Ligne nouvelle Provence Côte d'Azur : communiqué des partenaires et rencontre avec les associations et collectifs ...

16 Janvier 2013, 07:06am

Publié par jeanyvespetit

Vous trouverez, ci-dessous, le communiqué de presse des partenaires du projet de « ligne nouvelle Provence Côte d’Azur »  après  à la tenue d’un  COPIL (comité de pilotage) le 9 janvier 2013.

 

Suite à ce comité de pilotage, je rencontrerais  les associations et collectifs pour faire le point sur le dossier de la ligne nouvelle, faire un compte rendu du COPIL  ainsi que de la suite des études en cours pour l’amélioration du réseau ferroviaire régional.

 

Trois dates sont prévues pour cela :

 

- A Marseille le mercredi 16 janvier à 14 h : hôtel de région, 27, place Jules Guesde, salle 300 A

- A Nice le mercredi 23 janvier à 14 h :antenne régionale au 33 rue Notre Dame

- A Toulon le mercredi 6 février à 14 h :antenne régionale du Var, Place de la Liberté.

 

« PROJET DE LIGNE NOUVELLE PROVENCE CÔTE D’AZUR : consensus entre tous les partenaires pour faire de ce projet un acte fort au profit de la mobilité régionale

Le comité de pilotage du projet de ligne nouvelle Provence Côte d’Azur s’est réuni mercredi 9 janvier 2013 à la préfecture de région Provence-Alpes-Côte d'Azur sous la présidence d’Hugues PARANT, préfet de région, en présence des représentants élus des différents co-financeurs.
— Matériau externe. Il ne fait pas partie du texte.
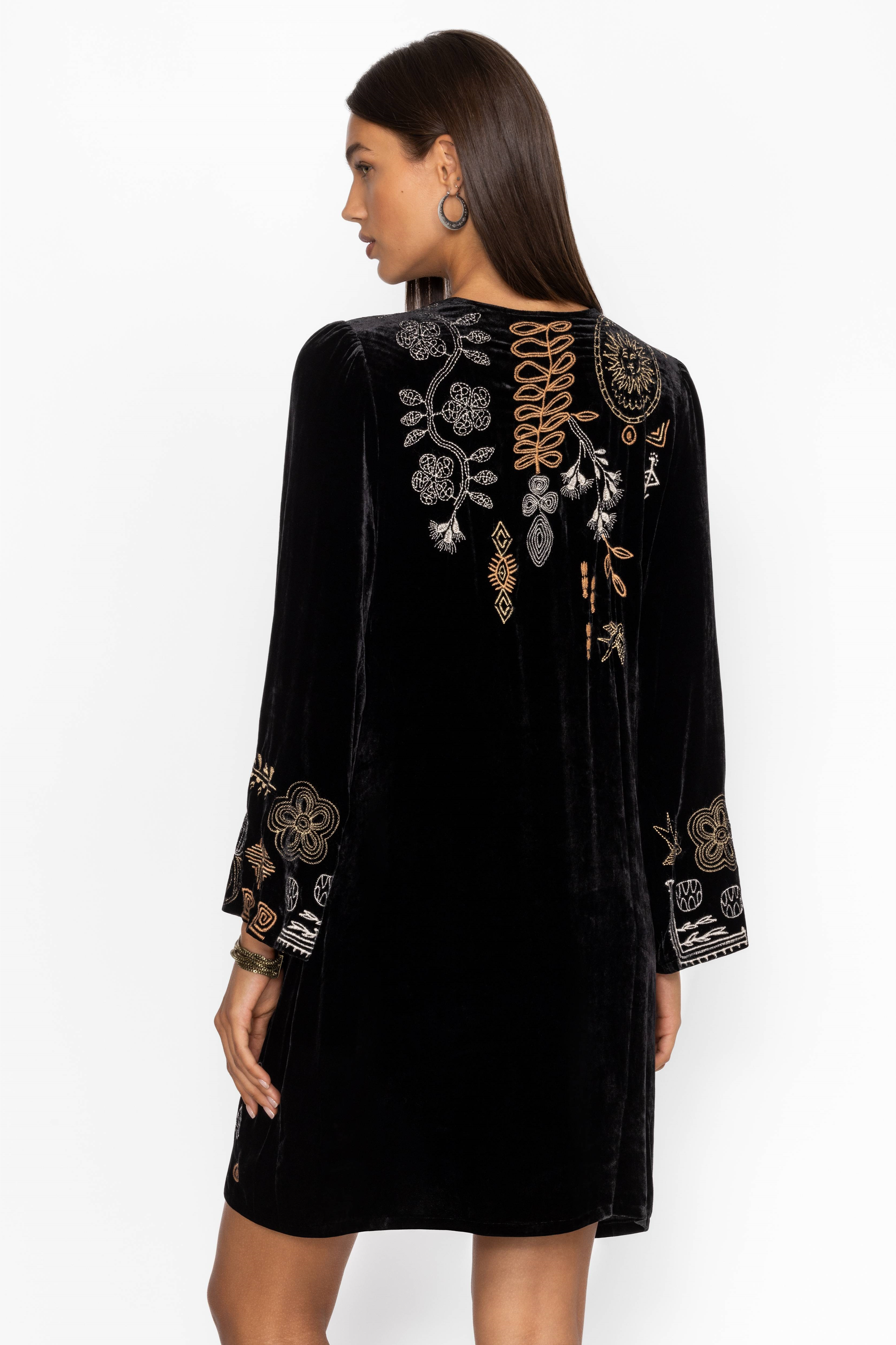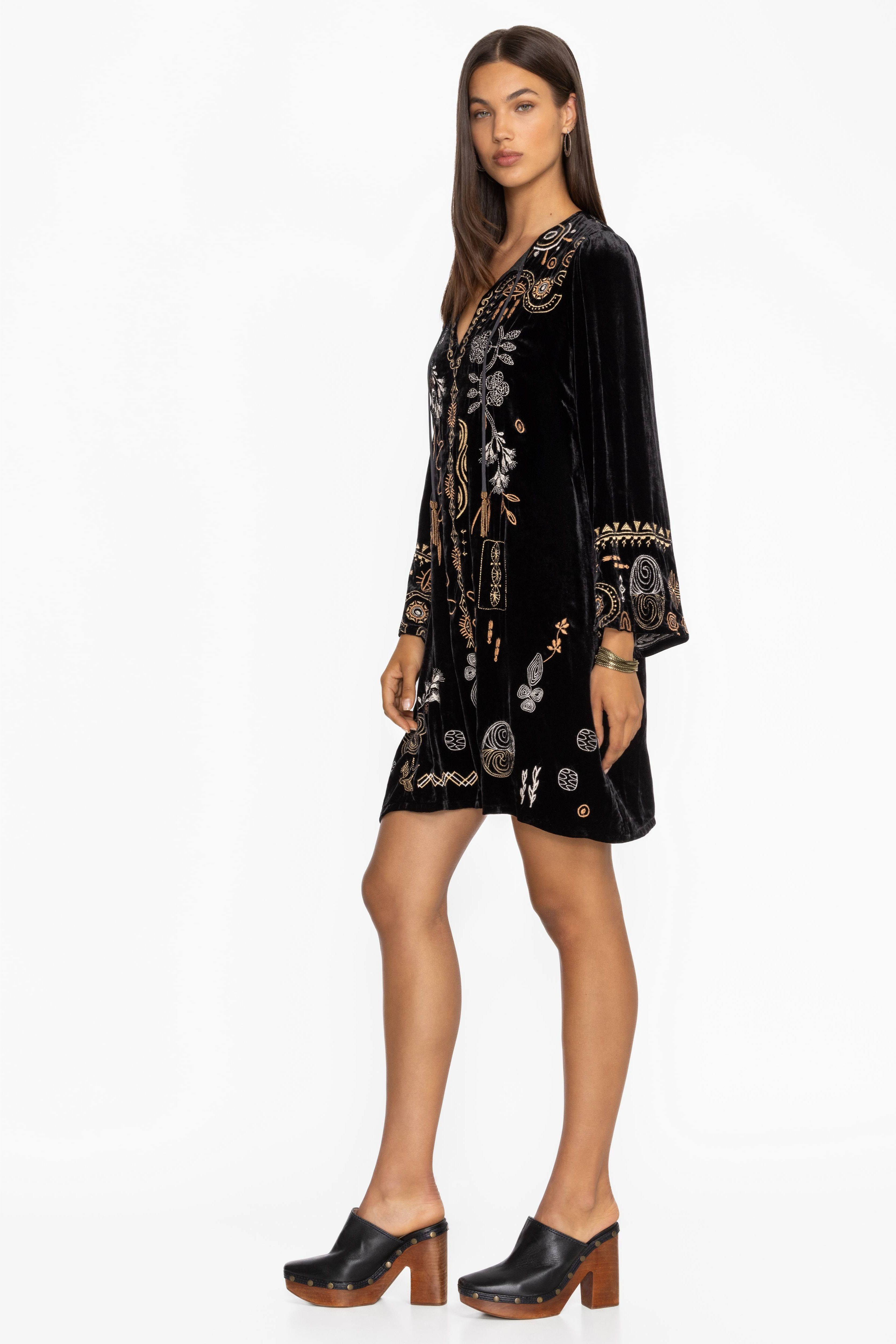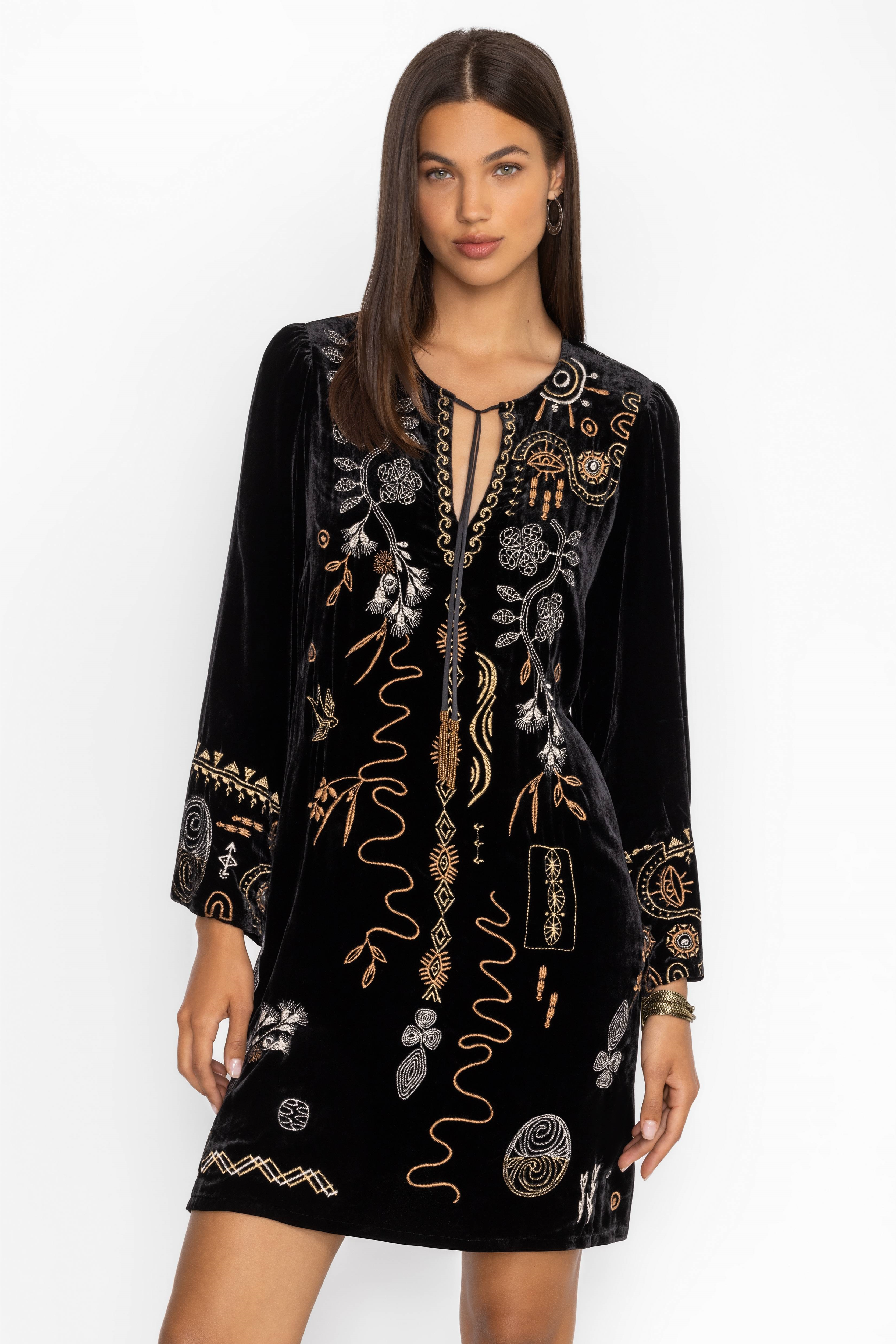 Crafted from a flowing silk blend, the Jenai Kimono Sleeve Relaxed Dress by Johnny Was is embellished with intricate placement embroidery. Featuring a split V-neckline with decorative tassels, this dress is finished with kimono sleeves and a relaxed bodice.

Le président de la Région Provence-Alpes Côte d'Azur, Michel VAUZELLE, ainsi que celui de la Métropole Nice Côte d’Azur, Christian ESTROSI, participaient à cette rencontre.

Le comité de pilotage a pris acte des avancées de l’année 2012, marquée par un important travail de remise en ordre du projet à partir de la prise en compte  des résultats de la concertation publique de 2011, et des enseignements issus des rencontres avec les élus et les associations, conduites depuis juillet 2012,sous l’égide des préfets des Bouches-du-Rhône, du Var et des Alpes Maritimes.

Les membres du comité ont également pris connaissance du sondage IFOP mené en septembre 2012 dans les trois départements concernés, qui indique que 82 % des habitants  de la Région soutiennent un projet de ligne nouvelle qui satisferait à leur besoin de mobilité quotidienne.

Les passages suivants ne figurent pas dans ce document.